PCRO receives the same caution. The paper says it "does not eliminate correlation from the original ESG criteria, nor does this study provide a formal proof that PCRO minimizes multicollinearity relative to TOPSIS, VIKOR, or other MCDM methods."
The Discussion then opens with a different account: "The Bayesian Network provides probabilistic weighting by capturing causal interdependencies among ESG criteria." In the same paragraph, PCRO "enhances robustness by minimizing multicollinearity." The Conclusion repeats the Bayesian claim and describes the model as integrating "Bayesian probabilistic weighting."
Those statements conflict with the limitations established earlier in the manuscript. The front half appears to have been revised while the back half retained older claims. A practitioner who reads only the Conclusion would leave with a Bayesian-network interpretation that the method itself does not support.
Nothing here is priced
The five-facet fuzzy construction contains genuine engineering. Its parameter interpretation gives a behavioural meaning to each control: a for decisiveness, b for ambiguity amplification, c for engagement, and d for cognitive inertia. The authors also reasonably propose that future work integrate real ESG performance datasets and examine predictive validity.

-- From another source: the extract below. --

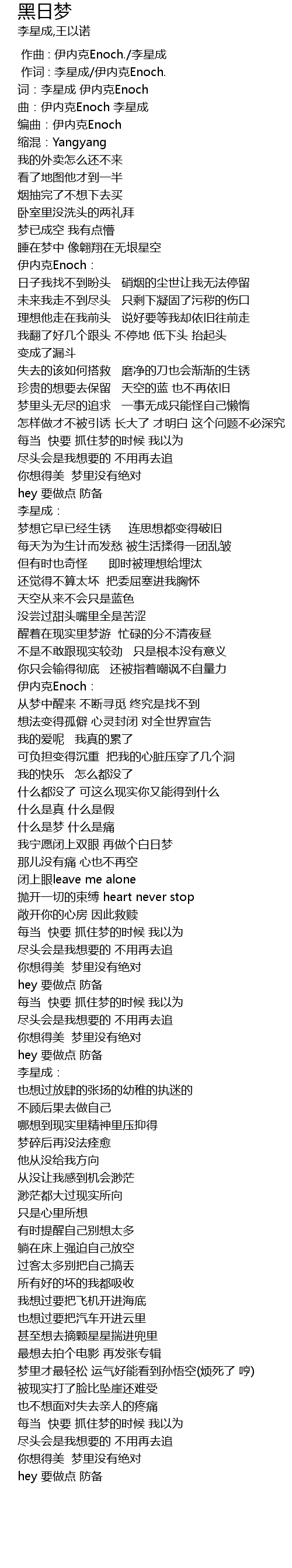 | [00:02.545] | cí: lǐ xīng chéng yī nèi kè Enoch |

Until such evidence exists, placing sustainability-based loans first says nothing about returns, spreads, default behaviour, or portfolio contribution.
Two independently recruited panels could change the assessment. If the same protocol leaves all 50 columns in agreement for both, the elicitation may be capturing something structural. If the rankings separate, the invariance came from this panel rather than the method.